Anasayfa » Ana Sayfa » Mürşid » Allah'a ulaşmayı diledikten sonra mürşide tâbî olursam yaşantım kısıtlanır mı?
share on facebook  tweet  share on google  print  

Allah'a ulaşmayı diledikten sonra mürşide tâbî olursam yaşantım kısıtlanır mı?

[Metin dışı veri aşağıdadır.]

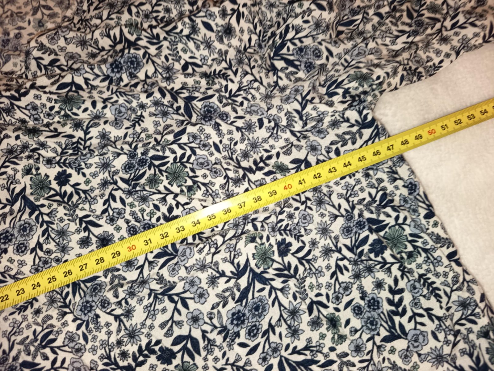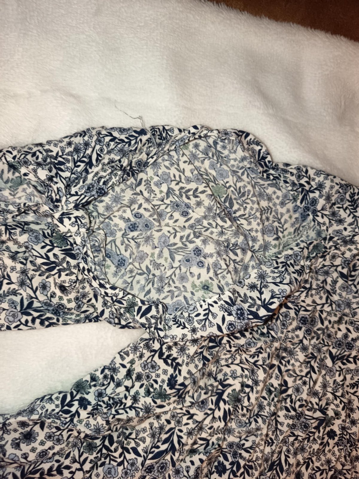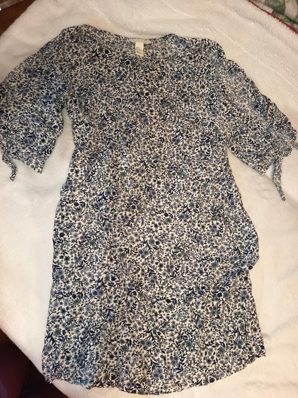 Modrobiele kvetované šaty. Lahké, letne. Na rukavoch razporky.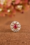 Featuring a yellow gold finish ring studded with moissanite polki and glass filled ruby, set in 92.5 sterling silver. Accentuate this elegant jewellery with your look for a polished finish, ideal for festive functions, family gatherings or wedding celebrations.
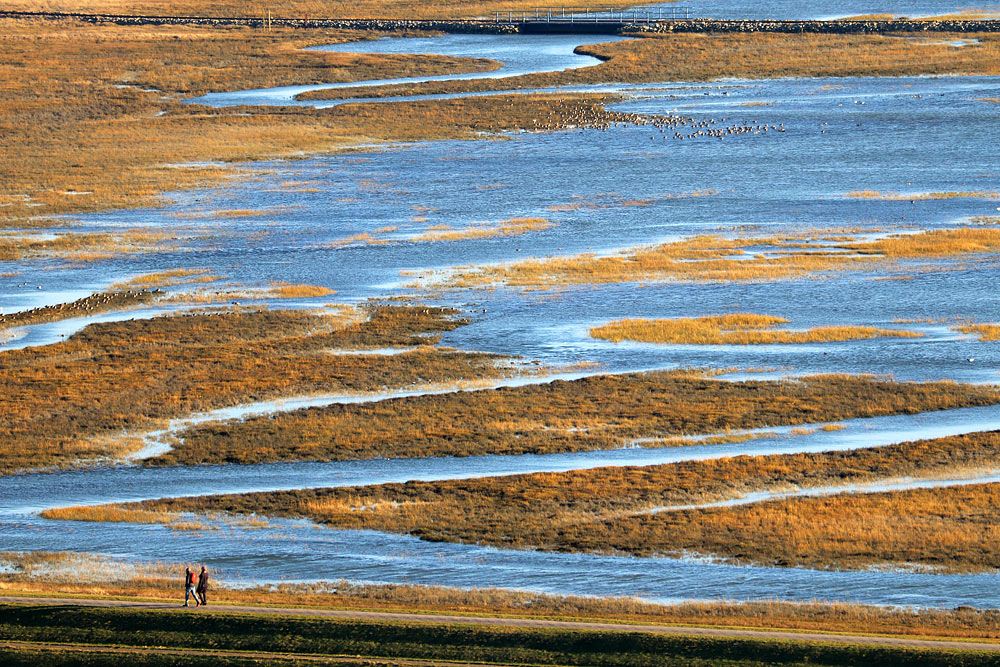 Blick auf die Lagune im Westaußengroden bei Hochwasser.

Mürşide tâbî olmak kimsenin yaşantısını kısıtlamaz. O kişinin Allahû Tealâ’nın verdiği emirleri yerine getirmesi zaten üzerine farzdır. Namaz kılmak, oruç tutmak, zekât vermek, hacca gitmek, kelime-i şahadet getirmek ve özellikle zikir yapmak sevgili kardeşlerim! Bu saydıklarımızın arasında en önemlisi zikirdir. Zikir yani “Allah” kelimesini “Allah, Allah, Allah, Allah, Allah, Allah, Allah” diye sesle tekrar etmek veya gene “Allah” kelimesini sessiz zikretmek veya dilini bile kımıldatmadan iç sesiyle… Dil kımıldamadan da “Allah” kelimesi o kişinin iç dünyasında çalkalanır.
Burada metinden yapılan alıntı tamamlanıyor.